Classical information driven quantum dot thermal machines

We analyze the transient response of quantum dot thermal machines that can be driven by hyperfine interaction acting as a source of classical information. Our setup comprises a quantum dot coupled to two contacts that drive heat flow while coupled to a nuclear spin bath. The quantum dot thermal machines operate both as batteries and as engines, depending on the parameter range. The electrons in the quantum dot interact with the nuclear spins via hyperfine spin-flip processes as typically seen in solid state systems such as GaAs quantum dots. The hyperfine interaction in such systems, which is often treated as a deterrent for quantum information processing, can favorably be regarded as a driving agent for classical information flow into a heat engine setup. We relate this information flow to Landauer's erasure of the nuclear spin bath, leading to a battery operation. We further demonstrate that the setup can perform as a transient power source even under a voltage bias across the dot.
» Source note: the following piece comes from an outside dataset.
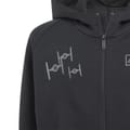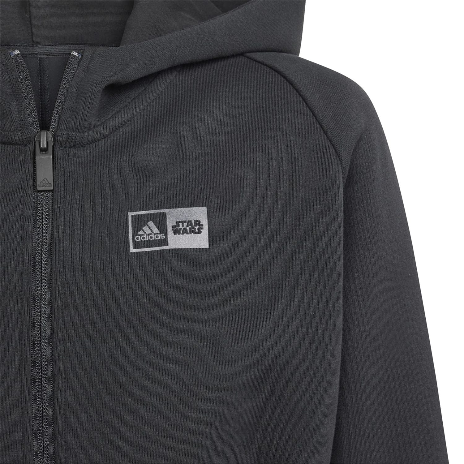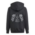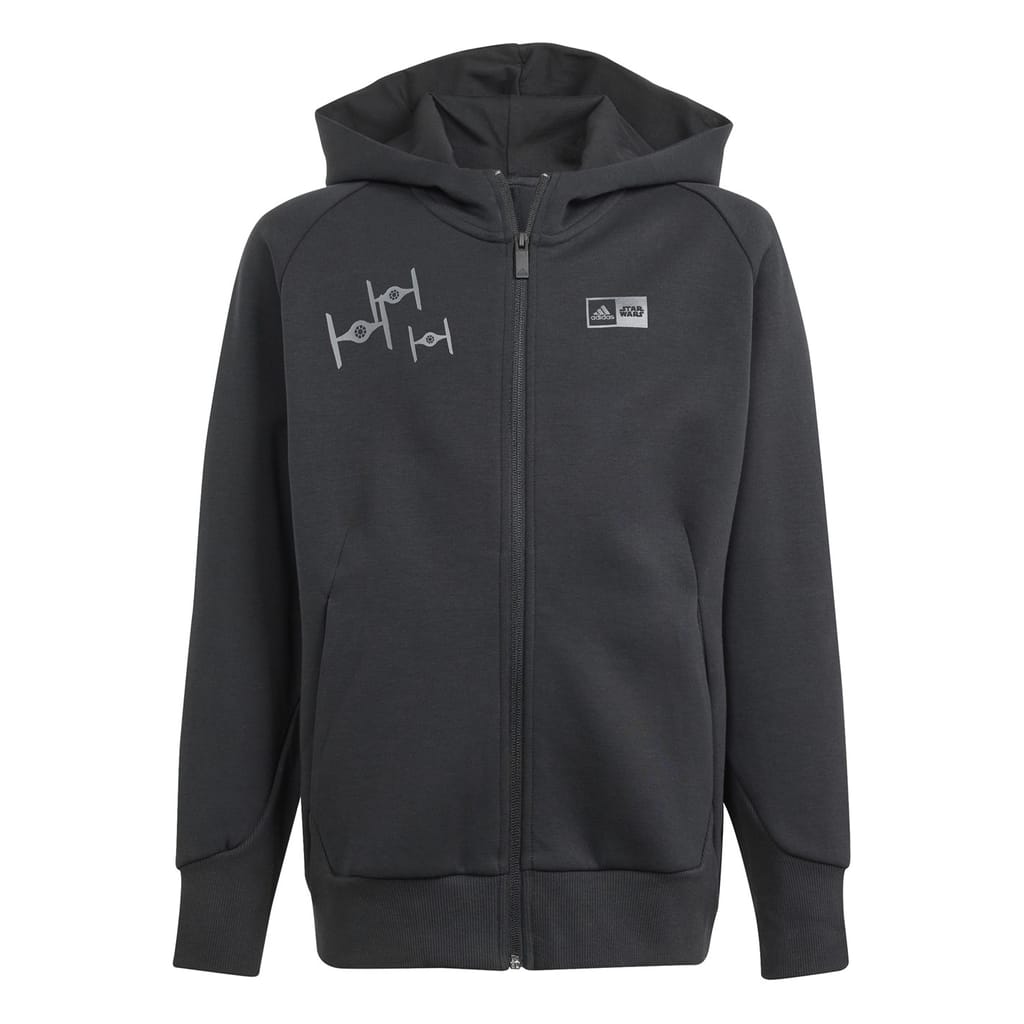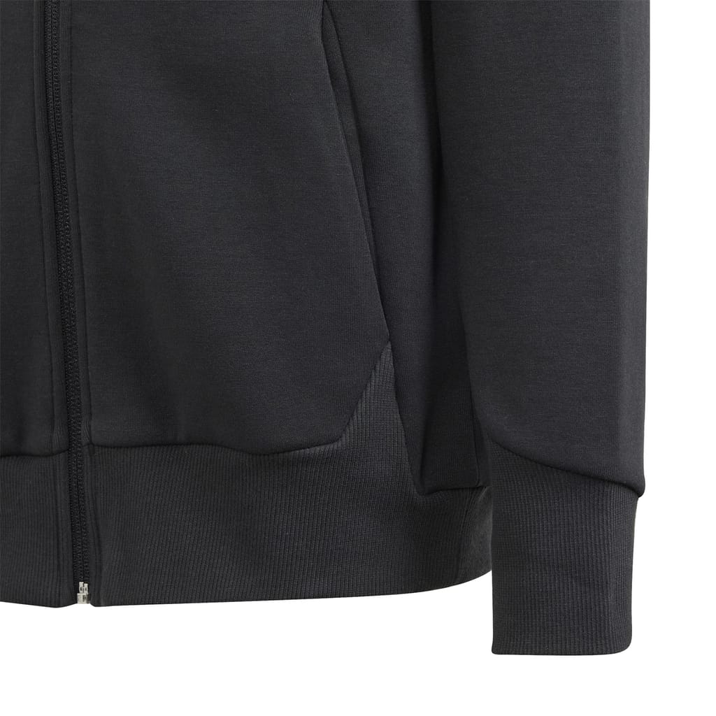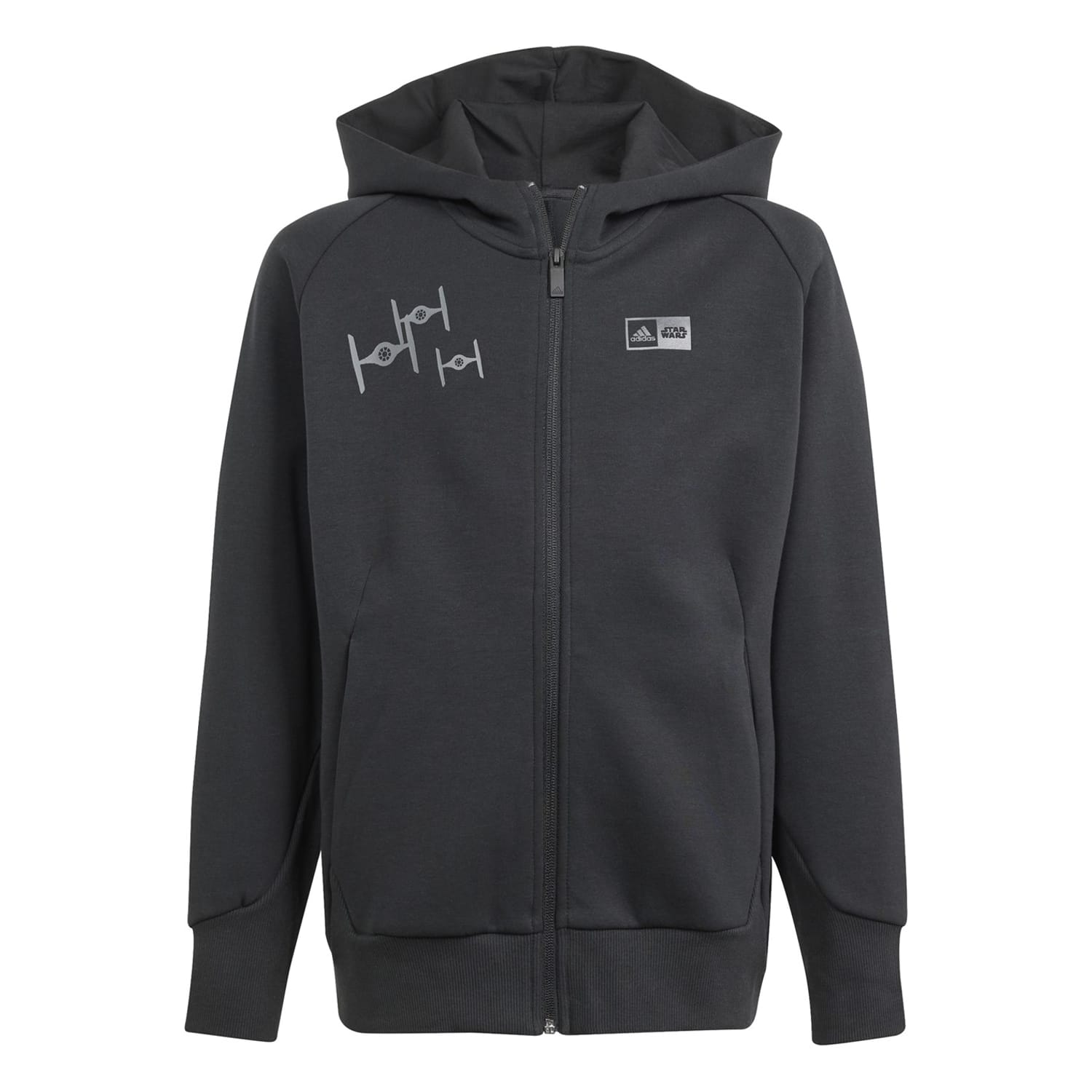 This adidas sweatshirt jacket features a hooded neckline and a full zipper closure for easy wear. The raglan sleeves and ribbed cuffs provide a comfortable fit, while the ribbed hem adds a touch of style. The jacket is adorned with a graphic print and a logo, complemented by practical front zipper pockets. Its regular fit ensures a relaxed and casual look. -

Focusing on the transient thermoelectric operation, our analysis clearly indicates the role of Landauer's erasure to deliver a higher output power than a conventional quantum dot thermoelectric setup and an efficiency greater than that of an identical Carnot cycle in steady state, which is consistent with recently proposed bounds on efficiency for systems subject to a feedback controller. The role of nuclear spin relaxation processes on these aspects is also studied. Finally, we introduce the Coulomb interaction in the dot and analyze the transient thermoelectric response of the system. Our results elaborate on the effective use of somewhat undesirable scattering processes as a non-equilibrium source of Shannon information flow in thermal machines and the possibilities that may arise from the use of a quantum information source.